WHAT YOU SHOULD DO: The range runs from the line containing "1914 $2.50 MS64" through the last line of the material below; retype it exactly, leaving out the pictures.

DATA FOR THIS TASK:
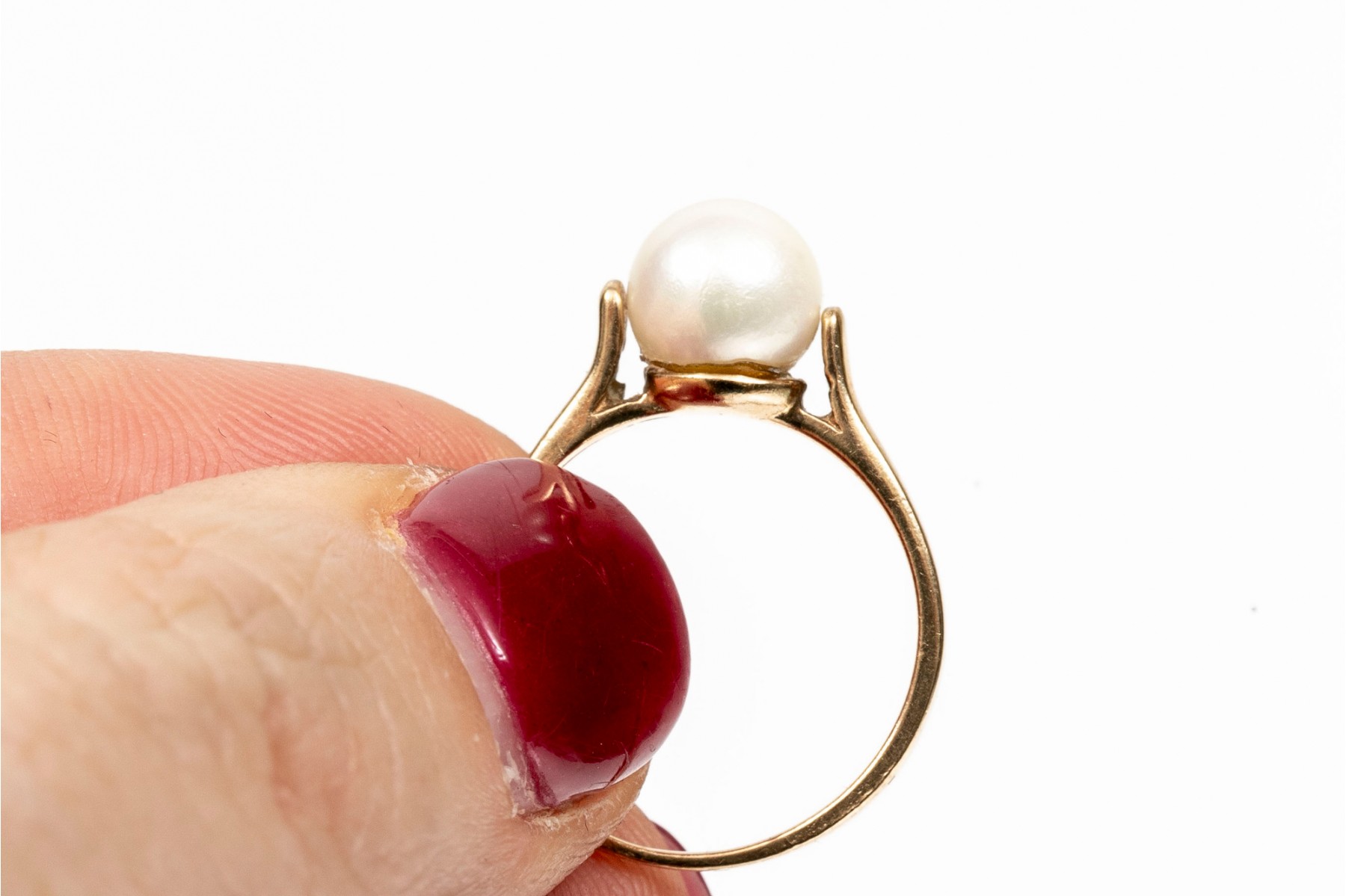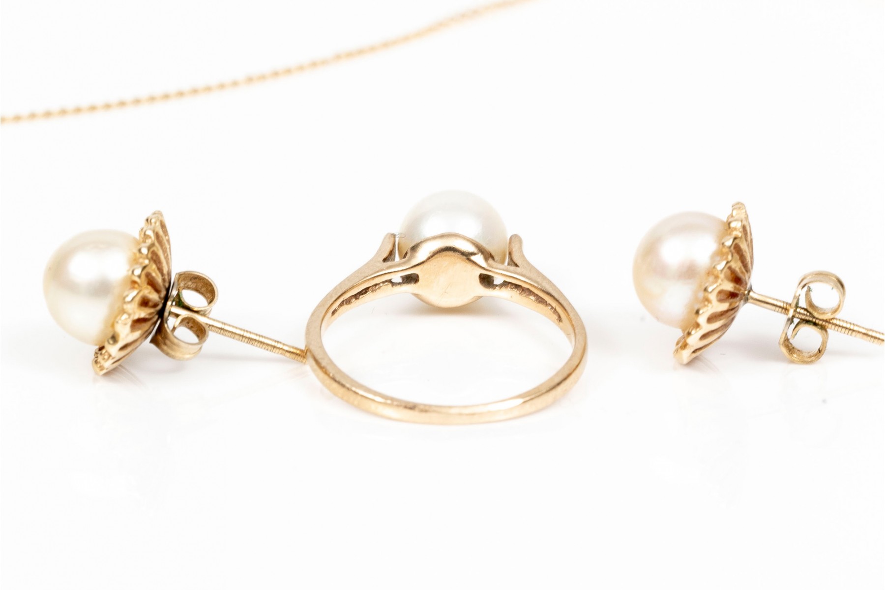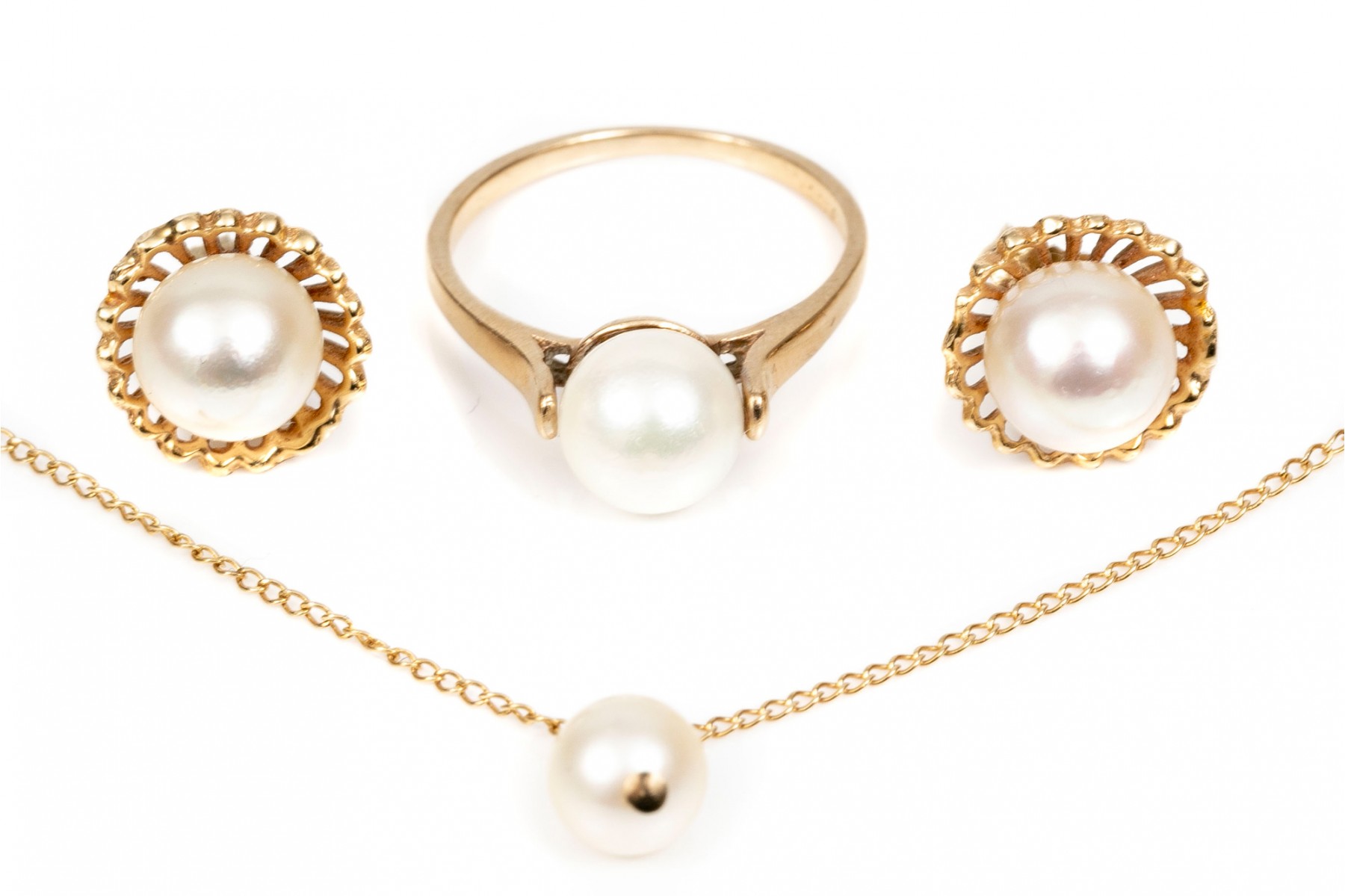 A collection of 14K and cultured freshwater pearl jewelry. Necklace with 6mm pearl pendant. Simple ring with pearl, 7.5mm, size 6. Stud earrings with 7.7mm pearls, post and clutch backings.
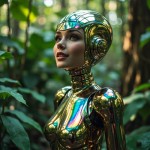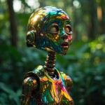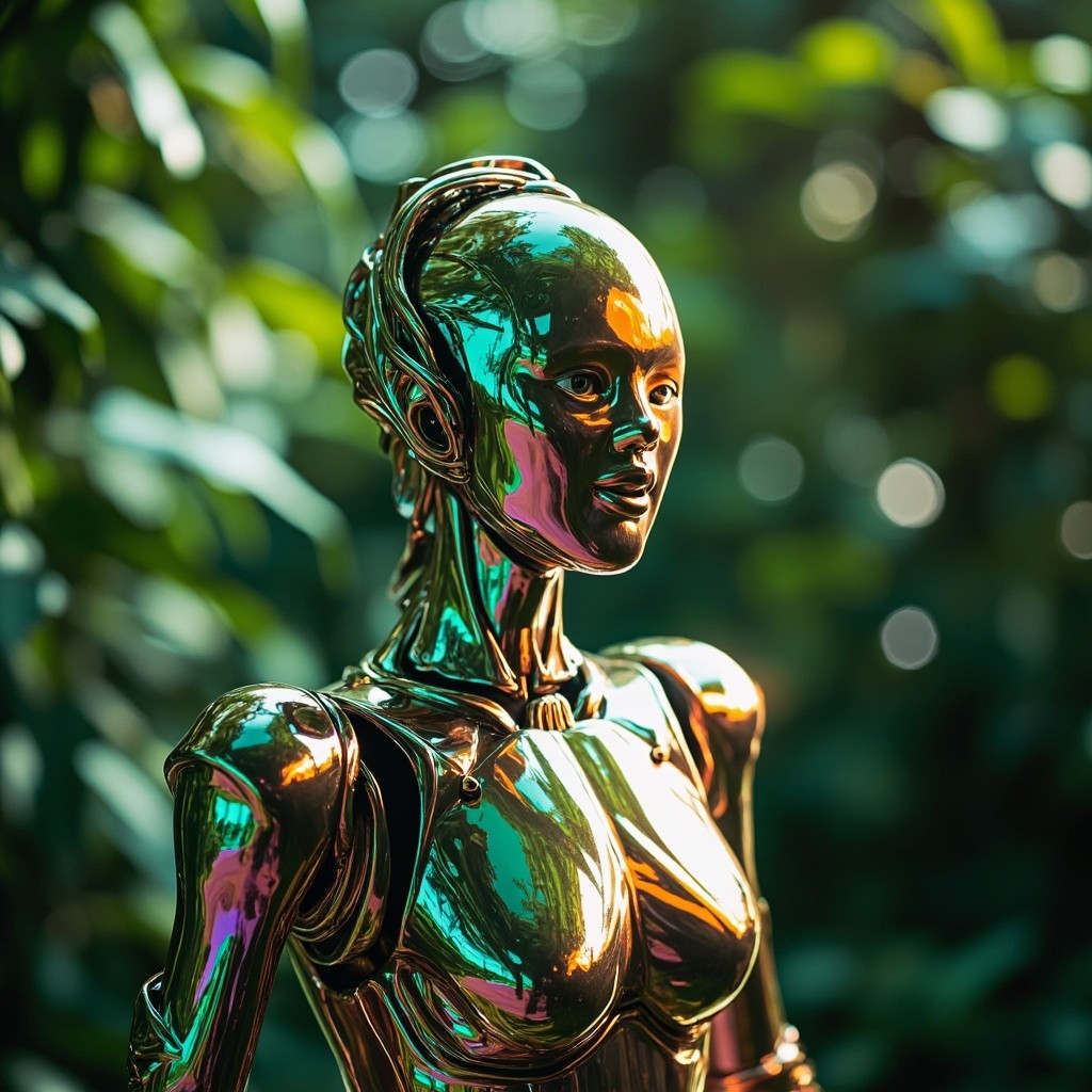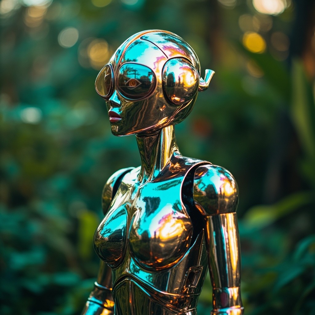 Rainbow Reflective Sleek Robot with Surprised Happy Expression in Jungle
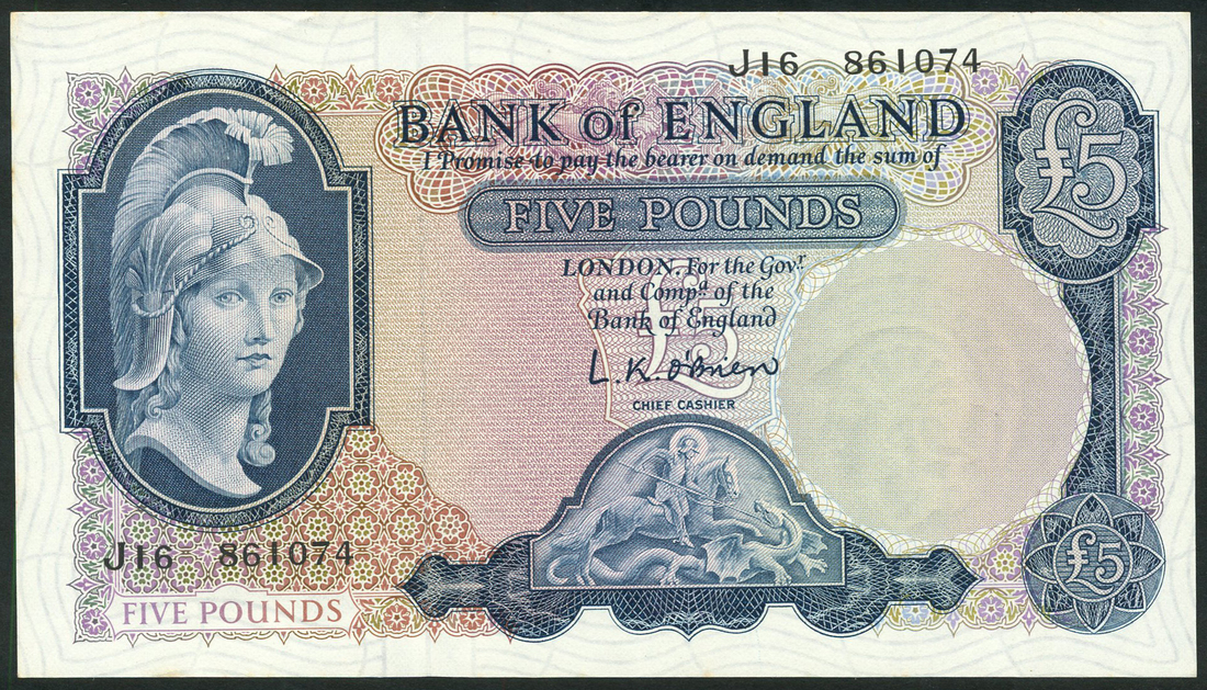 (x) Bank of England, a consecutive group £5. 1961, serial numbers blue on multicolour, Britannia at right
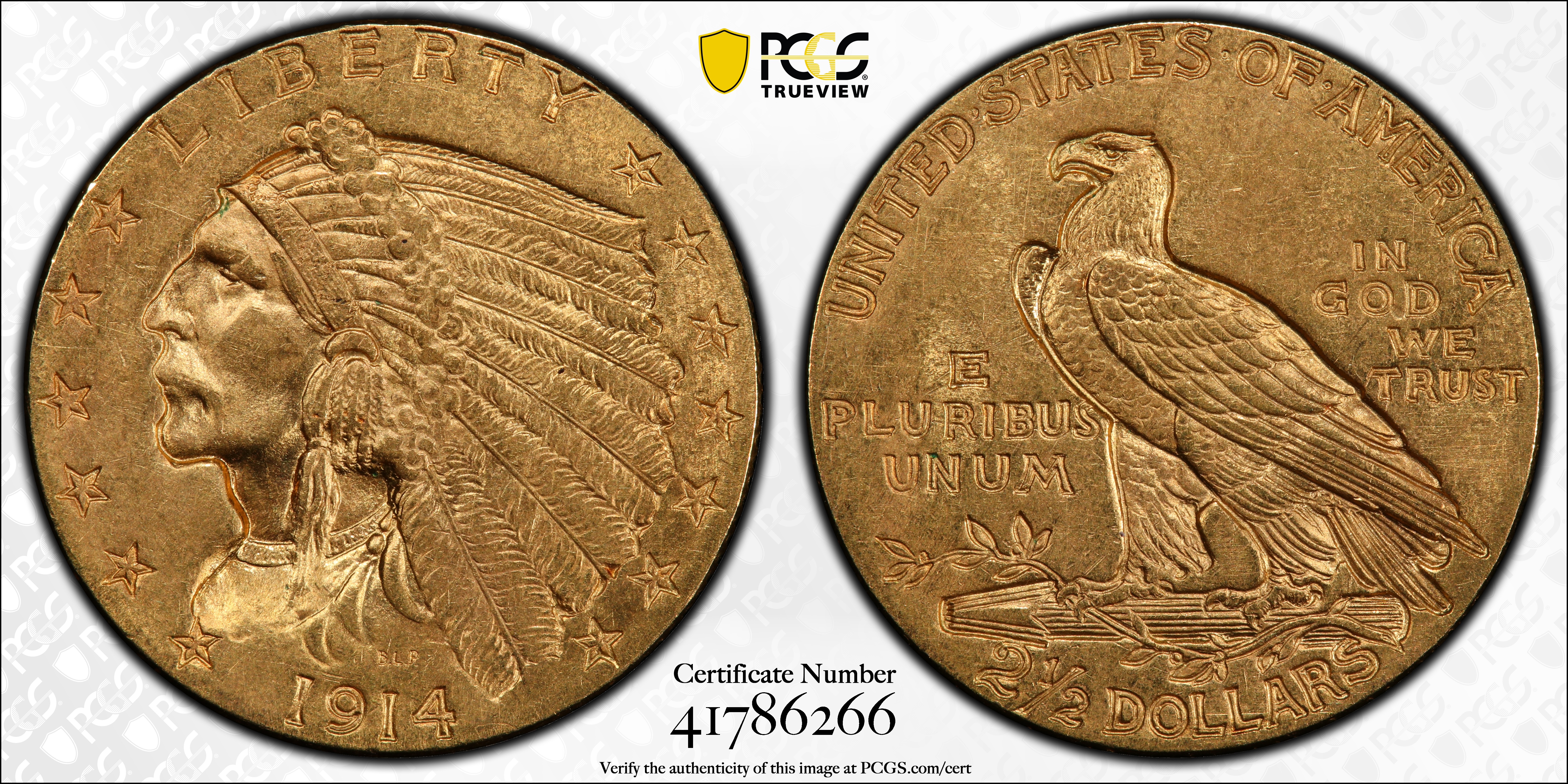 1914 $2.50 MS64 Certification #41786266, PCGS #7946
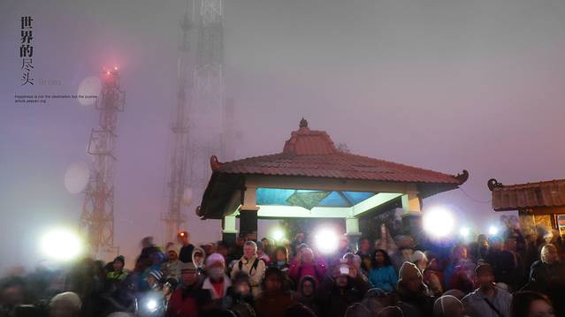 吉普绕着小山的山路环绕而上,停下车。我们步行而上,我们前面山路边上已停满吉普,哇哦,黑呼呼的三人点亮头灯行走,观景台这里还有喝茶喝咖啡的小馆噢,人这么多,昨晚上山怎么不见一辆车勒
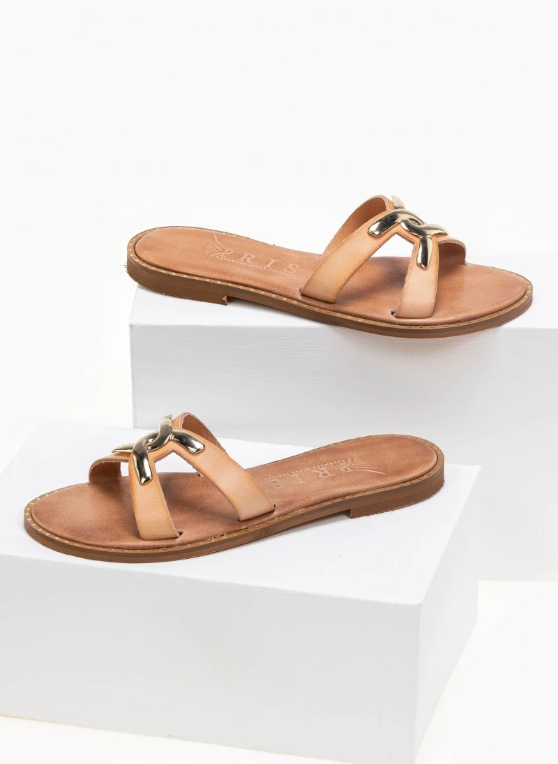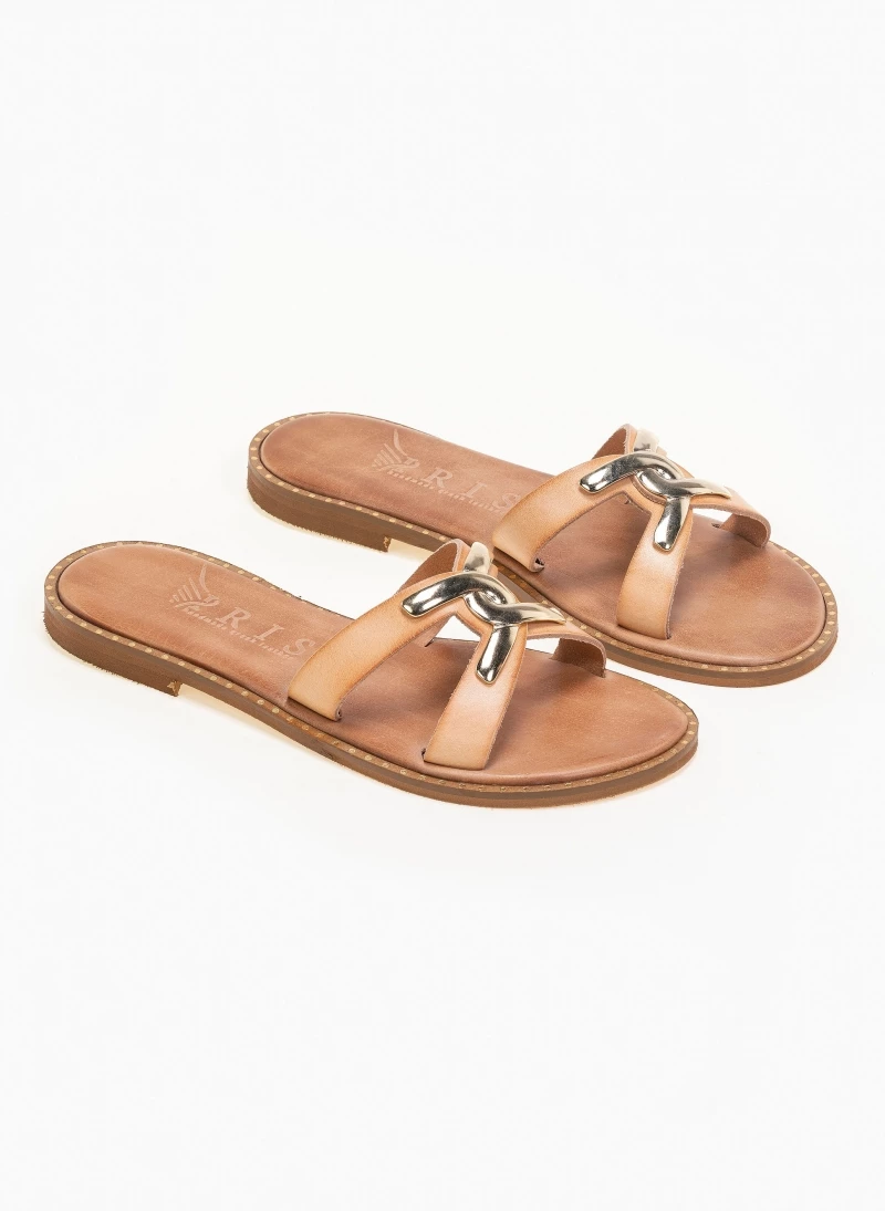 Δερμάτινα σανδάλια με χιαστί λουράκια και μεταλλική αγκράφα. Έχουν λεπτομέρεια σε μεταλλικό χρώμα περιμετρικά της σόλας. Ο πάτος είναι δερμάτινος. Ελληνικής κατασκευής, χειροποίητα.

ANSWER TO THIS PROBLEM:
 1914 $2.50 MS64 Certification #41786266, PCGS #7946
 吉普绕着小山的山路环绕而上,停下车。我们步行而上,我们前面山路边上已停满吉普,哇哦,黑呼呼的三人点亮头灯行走,观景台这里还有喝茶喝咖啡的小馆噢,人这么多,昨晚上山怎么不见一辆车勒
 Δερμάτινα σανδάλια με χιαστί λουράκια και μεταλλική αγκράφα. Έχουν λεπτομέρεια σε μεταλλικό χρώμα περιμετρικά της σόλας. Ο πάτος είναι δερμάτινος. Ελληνικής κατασκευής, χειροποίητα.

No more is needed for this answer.